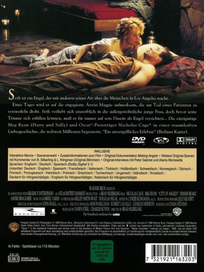 Seth ist ein Engel, der mit anderen seiner Art über die Menschen in Los Angeles wacht. Eines Tages wird er auf die engagierte Ärztin Maggie aufmerksam, die am Tod eines Patienten zu verzweifeln droht. Seth verliebt sich unsterblich in die außergewöhnliche junge Frau, doch bevor seine Träume sich erfüllen können, muß er für immer auf sein Dasein als Engel verzichten... Die einzigartige Meg Ryan (Harry und Sally) und Oscar-Preisträger Nicolas Cage in einer traumhaften Liebesgeschichte, die weltweit Millionen begeisterte. `Ein unvergeßliches Erlebnis` (Berliner Kurier).
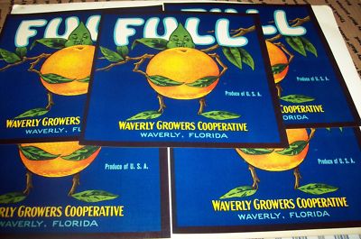 LOT OF 5 VINTAGE FULL FLORIDA CITRUS CRATE LABELS
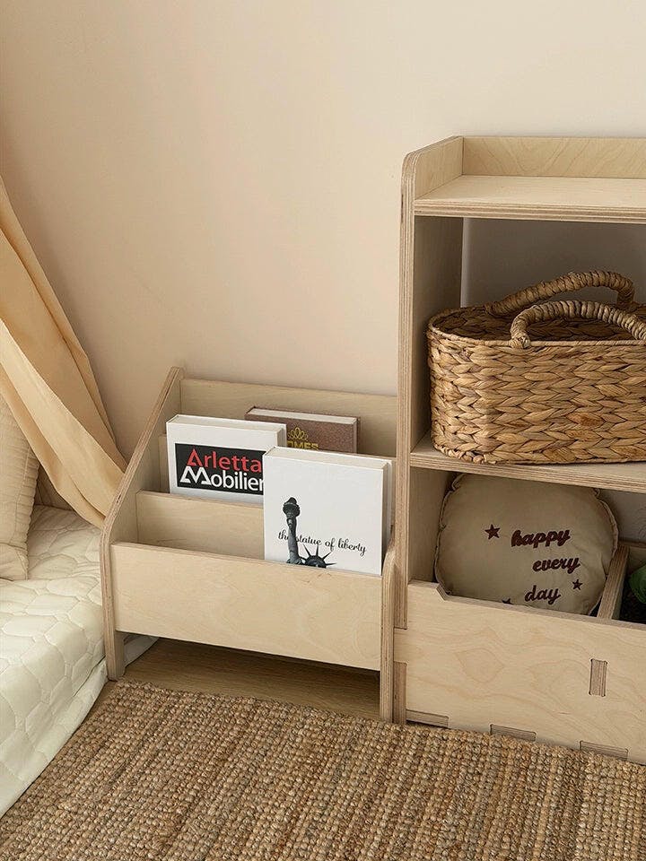 • Bookshelf or Open Cubby: Works as a mini face-out shelf or a small cubby for toys and bedtime items.
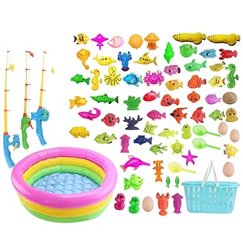 Phynedi Spielzeug Magnet Angelspiel 80 Tlg Angelspiel Badewanne Badespielzeug Meerestieren Strandspielzeug Mit Schwimmbad Fur Kinder Ab 3 Jahre
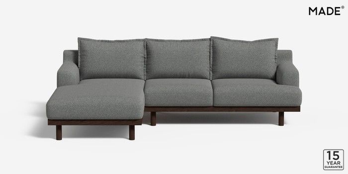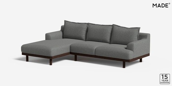 6.12.1 Turin by Made Medium Sofa Chaise - Left Hand Textured Woven Ink Blue Plinth - Walnut | Made Click here to use our website with more accessibility support, for example screen readers
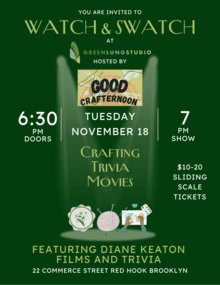 Good Crafternoon invites you to Watch & Swatch, the first of its name as a monthly event at Green Lung Studio in Red Hook, Brooklyn. ------------------------------

# Prompt
When pictures appear among the entries, skip them and copy all remaining text precisely.

# Output
 Seth ist ein Engel, der mit anderen seiner Art über die Menschen in Los Angeles wacht. Eines Tages wird er auf die engagierte Ärztin Maggie aufmerksam, die am Tod eines Patienten zu verzweifeln droht. Seth verliebt sich unsterblich in die außergewöhnliche junge Frau, doch bevor seine Träume sich erfüllen können, muß er für immer auf sein Dasein als Engel verzichten... Die einzigartige Meg Ryan (Harry und Sally) und Oscar-Preisträger Nicolas Cage in einer traumhaften Liebesgeschichte, die weltweit Millionen begeisterte. `Ein unvergeßliches Erlebnis` (Berliner Kurier).
 LOT OF 5 VINTAGE FULL FLORIDA CITRUS CRATE LABELS
 • Bookshelf or Open Cubby: Works as a mini face-out shelf or a small cubby for toys and bedtime items.
 Phynedi Spielzeug Magnet Angelspiel 80 Tlg Angelspiel Badewanne Badespielzeug Meerestieren Strandspielzeug Mit Schwimmbad Fur Kinder Ab 3 Jahre
 6.12.1 Turin by Made Medium Sofa Chaise - Left Hand Textured Woven Ink Blue Plinth - Walnut | Made Click here to use our website with more accessibility support, for example screen readers
 Good Crafternoon invites you to Watch & Swatch, the first of its name as a monthly event at Green Lung Studio in Red Hook, Brooklyn. ------------------------------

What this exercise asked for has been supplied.